Monthly Archives: September 2011

Speaking in RIM grammar

On Thursday and Friday this week, I held a a two day course teaching how to map from Australian v2 messages to Australian CDA documents. My course went a lot further than Keith’s excellent chapter in his CDA book on the subject, because the mappings were made in the presence of both v2 and CDA implementation guides (Australian Standards and NEHTA specifications). As part of the course, I tried to teach the attendees how to speak in RIM grammar – you need to, in order to map miscellaneous v2 concepts- there’s a lot of them – into the clinical statement pattern. Obviously there’s a lot of prior art about -the NEHTA specifications and more widely, the combined IHE/HL7 implementation guides and most of all the consolidated health story Implementation Guide – but it’s common to encounter data concepts that simply haven’t been mapped to any clinical statement pattern, let alone the simple one in CDA.

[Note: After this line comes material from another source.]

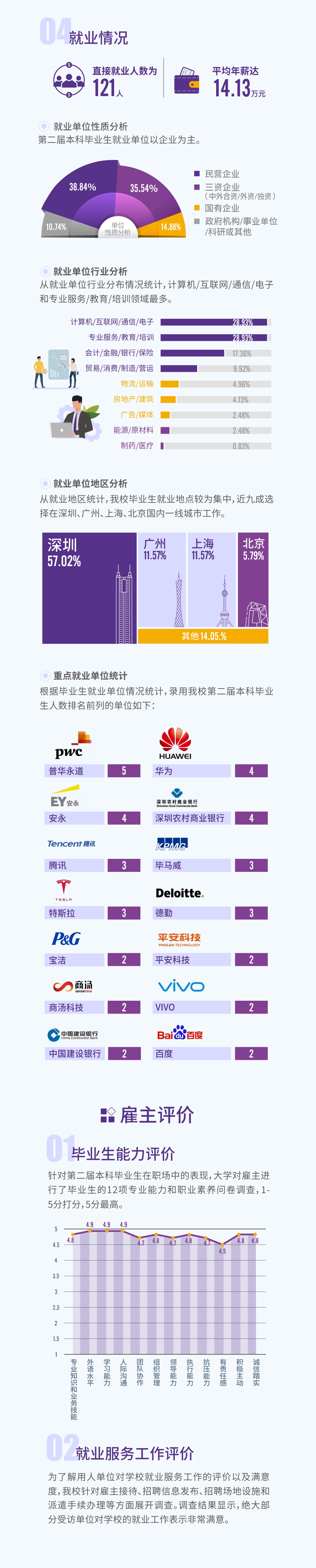 針對第二屆本科畢業生在職場中的表現,大學對雇主進行了畢業生的12項專業能力和職業素養問卷調查。結果顯示,雇主對畢業生的滿意度非常高,尤其對畢業生在英語水平、學習能力和人際溝通等方面展示出的優秀素養非常認可。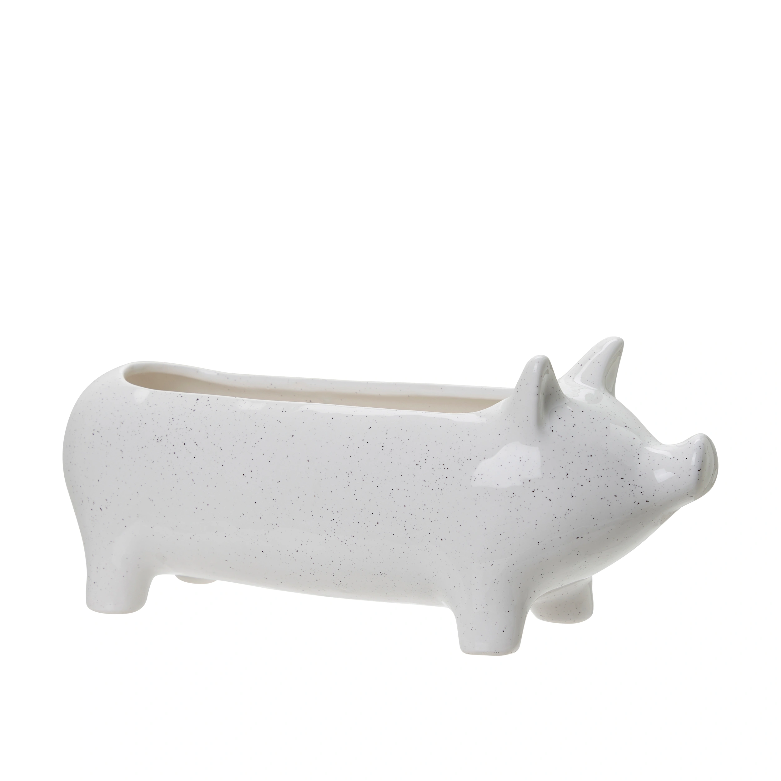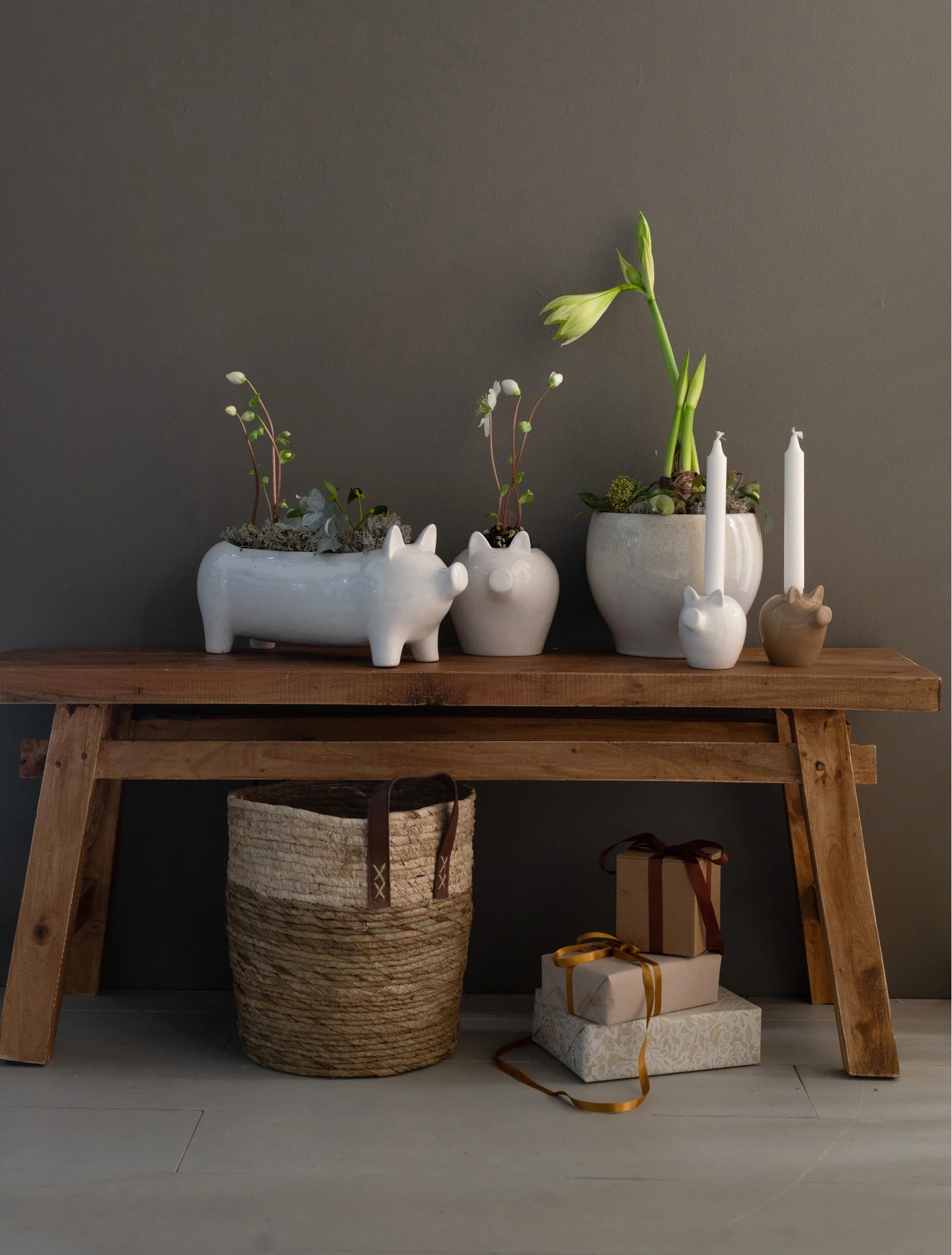 En klassisk juldekoration i form av en avlång julgris kruka i vitt stengods.

So here’s a quick and simple way to learn to speak things in the RIM grammar.

Step #1: Basic Grammar

The basic grammar of the RIM is Act-Participation-Role-Entity. Learning how to speak this language is as easy is filling in the following sentences:

  • Act: “[W] is something that happens or could happen”
  • Participation: “[Y] is the [X] in [W]”
  • Role: “[Z] is capable of being a [Y]”
  • Entity: “[Z] is something that actually exists at least for a while” (i.e. doesn’t exist as a record)

where:

  • W is a display name from the ActClass heirarchy
  • X is a display name from the ParticipationType heirarchy
  • Y is a display name from the RoleClass heirarchy
  • Z is a display name from the EntityClass heirachy

It’s simply a case of looking through those code systems and picking a code. Here’s an example:

  • E: “[person] is something that exists at least for a while”
  • R: “[person] is capable of being a [patient]”
  • A: “[encounter] is something that happens or could happen”
  • P: “[patient] is the [subject] in [encounter]”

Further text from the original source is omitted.